Para tal, ela considera fundamental desenvolver uma atitude lúdica diante do aprendizado; resgatar a atitude de aprendizado que se tem na infância, diante da novidade; conhecer e alimentar o espírito clown; requalificar os julgamentos; movimentar o corpo e dançar; alternar procedimentos; não insistir exaustivamente sobre um processo (try hard) (RISTAD, 1982). Levamos em consideração as reflexões e os procedimentos sugeridos por esses autores na elaboração das atividades aplicadas nas aulas. Procuramos alternar atividades que despertam a atenção para a atitude interna com outras que promovem conexões entre os participantes. Conduzir as atividades valorizando o caráter lúdico e o espírito de aventura e desafio. Atuar sobre a manifestação do medo diante do novo, incorporando as diversas expressões que surgirem ao longo do processo. Tratar os conteúdos técnicos vocais e musicais não como fim a ser atingido, mas como meio para o aprofundamento da escuta e requalificação dos julgamentos. Com relação à nossa atitude durante o processo, retomamos o pensamento de Schafer: O professor precisa continuar a aprender e crescer com os alunos. Naturalmente o professor é diferente, mais velho, mais experiente, mais calcificado. É o rinoceronte na sala de aula, mas isso não significa que ele deva ser coberto com couraça blindada. O professor precisa permanecer uma criança (grande), sensível, vulnerável, aberto a mudanças (SCHAFER, 1990, p. 282).

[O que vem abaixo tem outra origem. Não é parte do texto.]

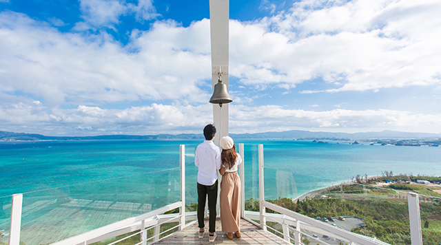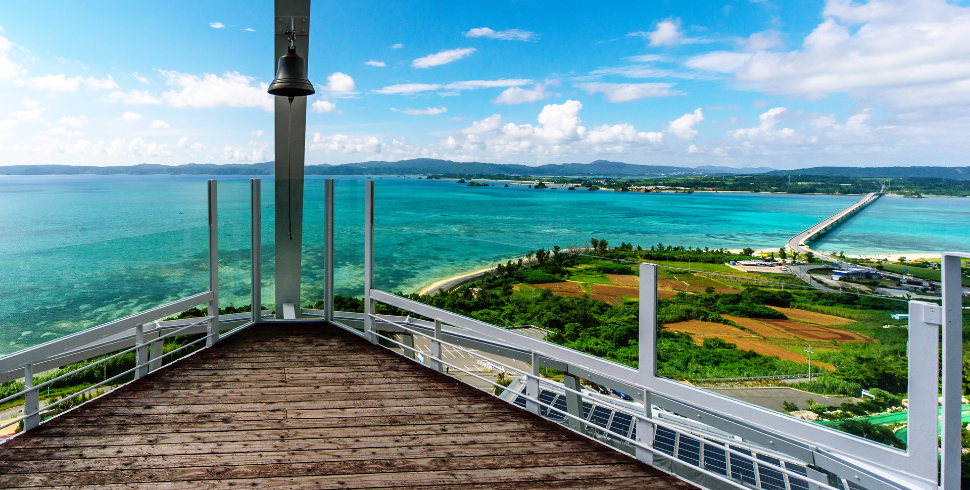 連接今歸仁村的古宇利島和名護市的屋我地島,全長2,020m的橋,於平成17年2月8日開通。可算是日本最長的橋。古宇利島是個周長約5公里,開車不用10分鐘就能環島一圈的小島。從海拔82公尺的高處俯瞰長達2公里的古宇利大橋全景, 東海和羽地內海那被稱作翡翠海的美景盡收眼底, 無比壯觀。海洋塔上還有一個敲響幸福的愛之鐘可以去拍照留念. 這裡還有聚集了1萬件以上來自世界的各種貝殼的“貝殼博物館”,有個只有古宇利專有的愛心貝殼極為美麗,也是因此而被稱為戀之島的原因,附設有貝殼飾品的專賣店及咖啡廳及作坊。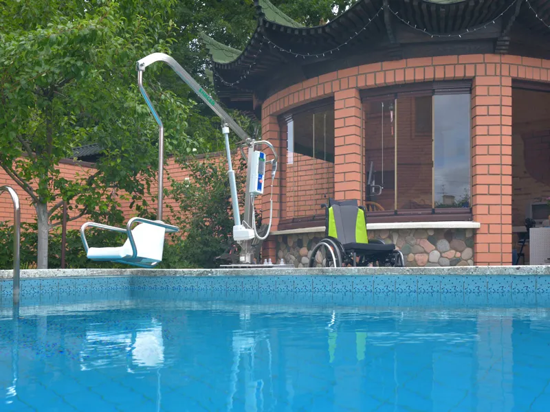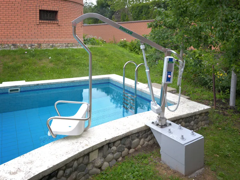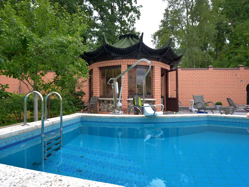 Для оснащения бассейна, расположенного во дворе частного дома в Московской области, был выбран подъемник ЕНИСИЕЙ ИПБ-170 ЭП.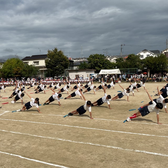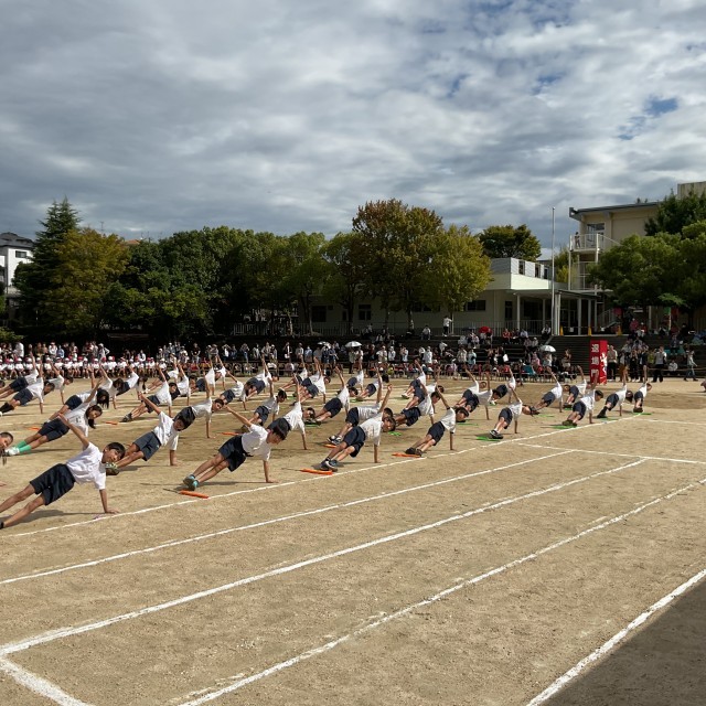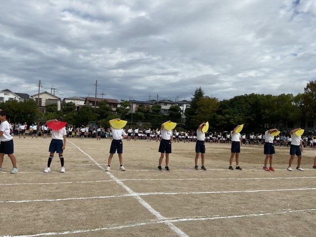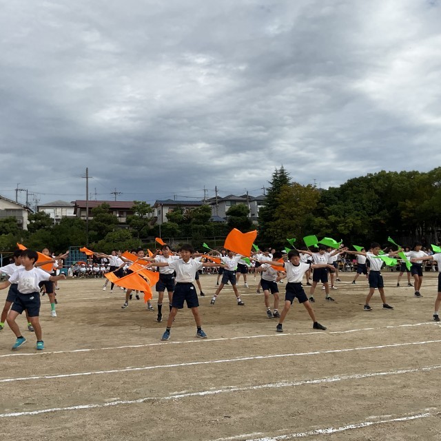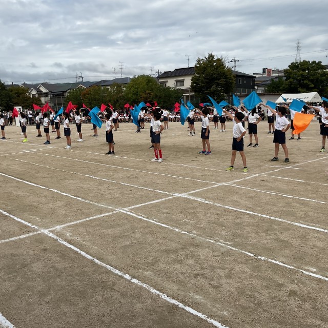運動場にフラッグの心地よい音が響き、とても引き締まった顔の5・6年生の皆さんの姿がとてもかっこよく、たくましく成長した姿が見られました。さすが高学年!圧巻の演技でした。素晴らしかったです。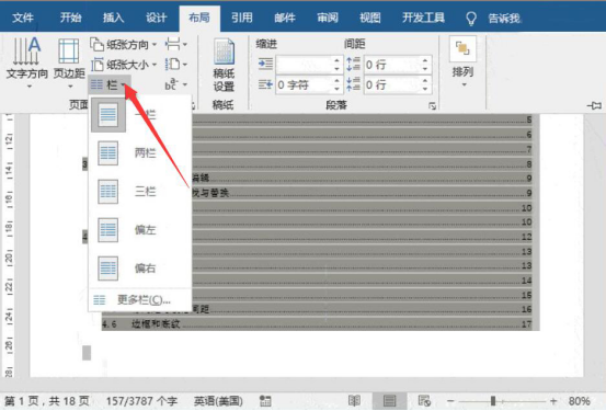 8.word目录生成后,点击word“布局”菜单中的“栏”,从其下拉菜单中点击“两栏”,也可以根据你自己的需要,设置为三栏,或者更分级。
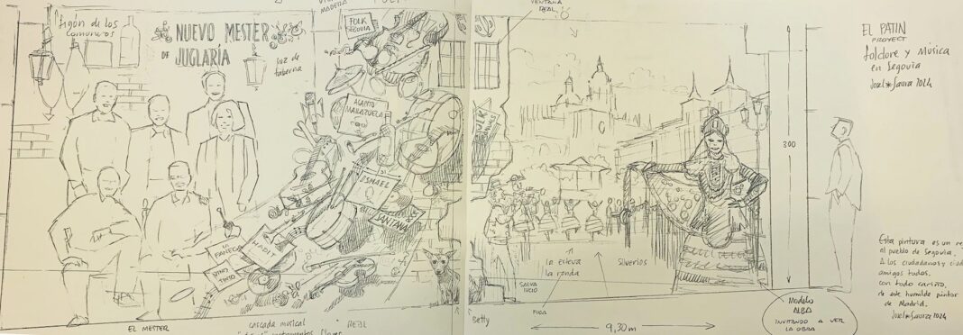 Ya nos podemos ir haciendo una idea de cómo quedará el mural de López Saura en Segovia, en uno de los pasadizos que desemboca en uno de los corralillos más conocidos.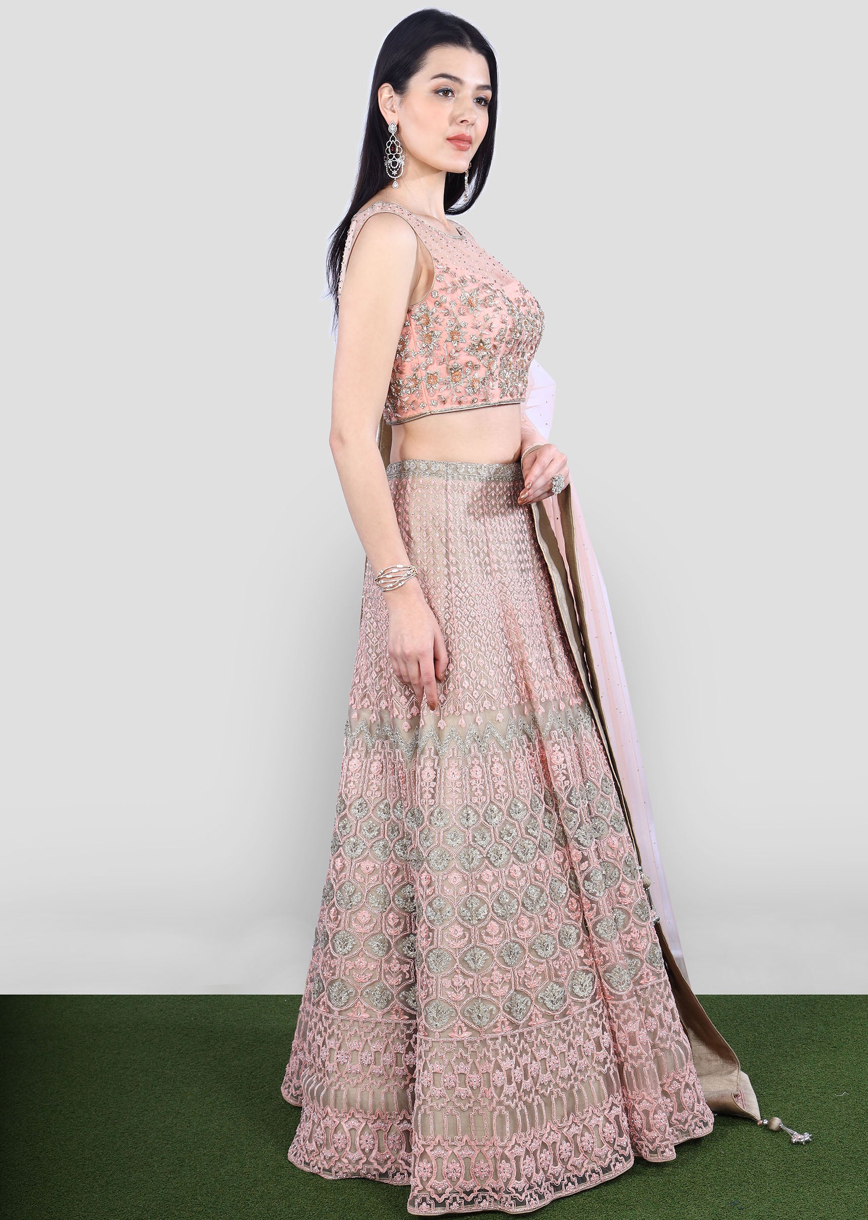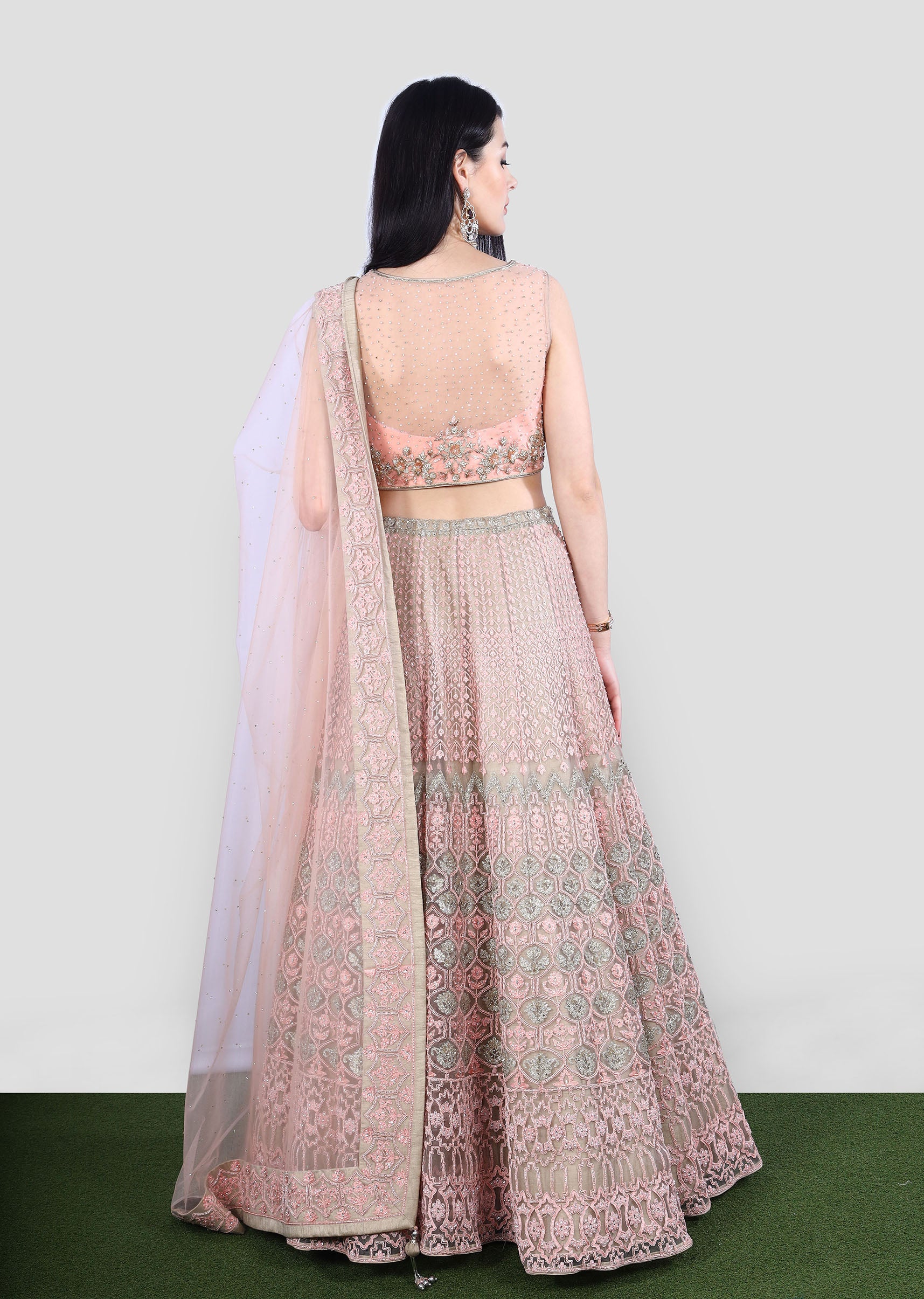 Peach multicolor pastel resham embroidered net lehenga, choli and dupatta

                                                                                                                              8

“(...) a person must accept permission to be free of the usual restrictions. Each of us is partly a childlike, unselfconscious being who can stay in the present moment without thinking of the millions of other moments in our lives. My job is not only to give a person permission to discover moment-by-moment awareness; it’s to create a climate in which that person can give herself that permission.” (RISTAD, 1982, p. 6)

11    

1.6. O corpo no processo de aprendizagem A proposta de trabalhar com criação vocal nos levou a investigar processos corporais de cognição e aprendizagem alinhados aos princípios desse trabalho. Consideramos necessário definir nossa abordagem sobre corpo e voz e sua articulação com os procedimentos investigados. Observamos na educação musical do século XIX um modelo técnico-científico de ensino, que objetivava “treinar” o aluno em expedientes técnicos. A educação musical objetivava o domínio técnico da linguagem, tanto na formação de compositores e orquestradores quanto de intérpretes e instrumentistas. As habilidades técnicas eram levadas ao máximo da capacidade humana, e o objetivo do instrumentista era tornar-se um virtuose. O que se percebe, no entanto, é o fato de não se tratar de ensino artístico, mas de “domínio de técnicas instrumentais, que em muito se assemelham à formação do artesão” (FONTERRADA, 2008, p. 82). Esse modelo técnico-científico vem associado à concepção cartesiana de corpo, que dissocia corpo e mente, tratando o corpo a partir de seu aspecto mecânico sujeito ao saber da mente. Segundo essa concepção, a mente torna-se “a única fonte de conhecimento da vida ativa” (DASCAL, 2008, p. 42). Procedimentos de ensino de música da época revelam essa dissociação, constatadas por Émile-Jaques Dalcroze9 durante sua atividade no Conservatório de Genebra. Ele próprio é quem conta que, desde o início de seu trabalho no Conservatório, constatou a precariedade do preparo auditivo de seus alunos, que não conseguiam imaginar o som dos acordes que escreviam nas aulas de harmonia. Para Dalcroze, isso era fruto de um erro conceitual comum à época: o de centrar o conhecimento na mente do aluno, desconsiderando as oportunidades de se estabelecerem ligações entre a atividade cerebral e as sensações auditivas. (FONTERRADA, 2008, p. 122).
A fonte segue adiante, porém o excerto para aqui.